Problem description ->
Only the pictures are dropped. Restate each line below word for word.

[Extracted information]

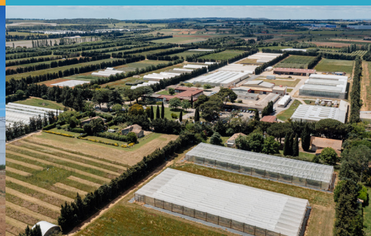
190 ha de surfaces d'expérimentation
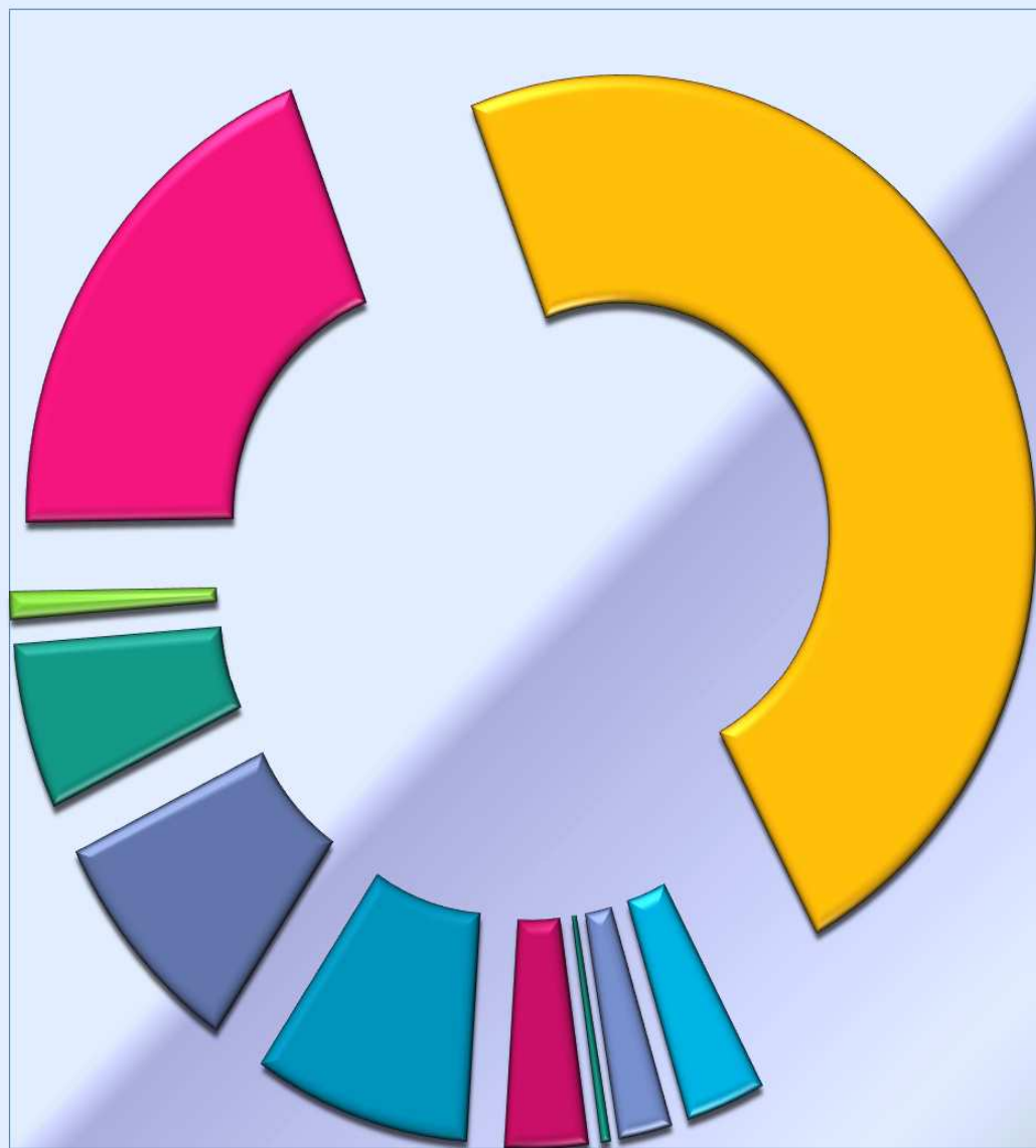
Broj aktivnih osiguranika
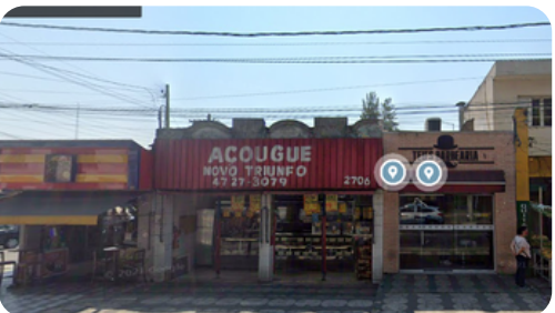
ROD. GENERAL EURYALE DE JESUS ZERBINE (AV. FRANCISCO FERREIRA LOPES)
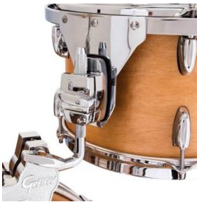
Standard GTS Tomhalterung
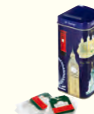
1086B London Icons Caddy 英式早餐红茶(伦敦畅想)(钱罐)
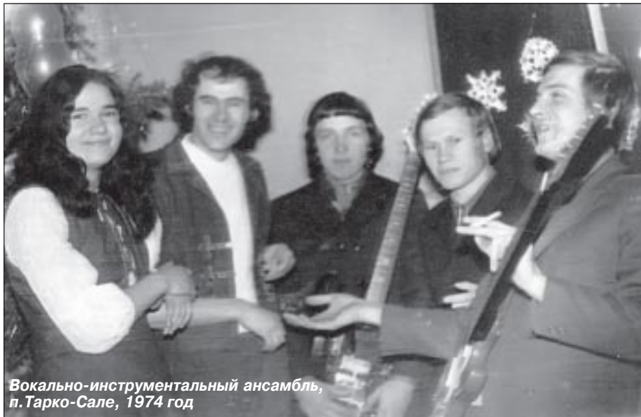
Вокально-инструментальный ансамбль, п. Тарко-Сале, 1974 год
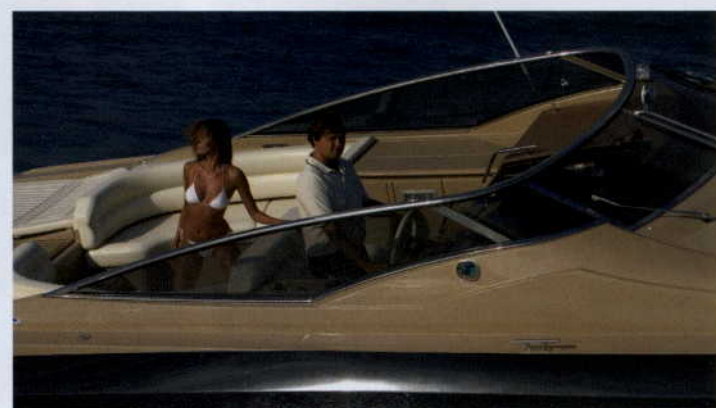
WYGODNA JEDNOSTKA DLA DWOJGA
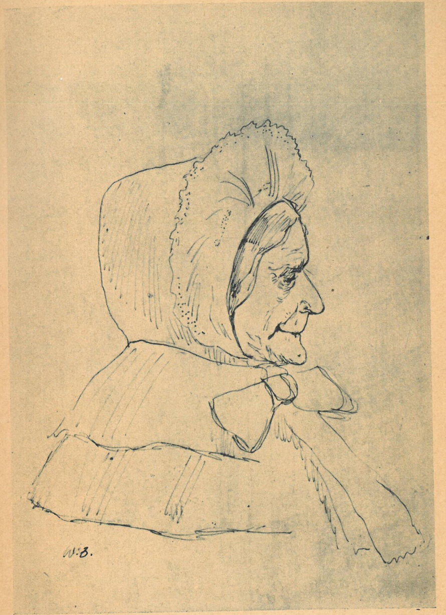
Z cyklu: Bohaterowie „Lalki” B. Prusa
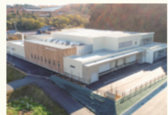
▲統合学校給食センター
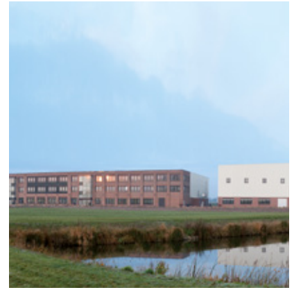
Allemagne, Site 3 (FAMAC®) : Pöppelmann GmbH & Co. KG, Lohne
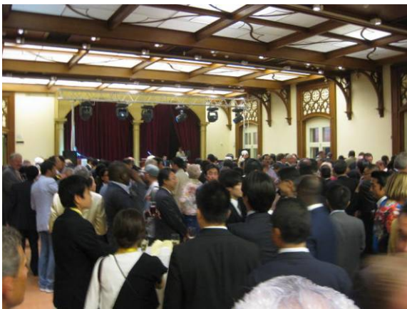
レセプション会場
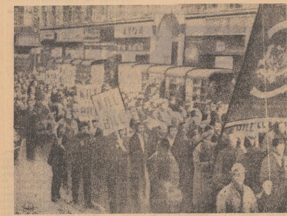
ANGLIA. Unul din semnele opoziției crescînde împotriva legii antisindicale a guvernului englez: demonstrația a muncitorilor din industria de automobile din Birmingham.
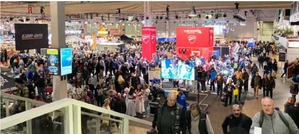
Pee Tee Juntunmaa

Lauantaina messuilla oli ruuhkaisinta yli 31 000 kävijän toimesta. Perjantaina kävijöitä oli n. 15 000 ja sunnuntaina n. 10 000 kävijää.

[/Extracted information]

Result of the task ->
190 ha de surfaces d'expérimentation
Broj aktivnih osiguranika
ROD. GENERAL EURYALE DE JESUS ZERBINE (AV. FRANCISCO FERREIRA LOPES)
Standard GTS Tomhalterung
1086B London Icons Caddy 英式早餐红茶(伦敦畅想)(钱罐)
Вокально-инструментальный ансамбль, п. Тарко-Сале, 1974 год
WYGODNA JEDNOSTKA DLA DWOJGA
Z cyklu: Bohaterowie „Lalki” B. Prusa
▲統合学校給食センター
Allemagne, Site 3 (FAMAC®) : Pöppelmann GmbH & Co. KG, Lohne
レセプション会場
ANGLIA. Unul din semnele opoziției crescînde împotriva legii antisindicale a guvernului englez: demonstrația a muncitorilor din industria de automobile din Birmingham.
Pee Tee Juntunmaa

Lauantaina messuilla oli ruuhkaisinta yli 31 000 kävijän toimesta. Perjantaina kävijöitä oli n. 15 000 ja sunnuntaina n. 10 000 kävijää.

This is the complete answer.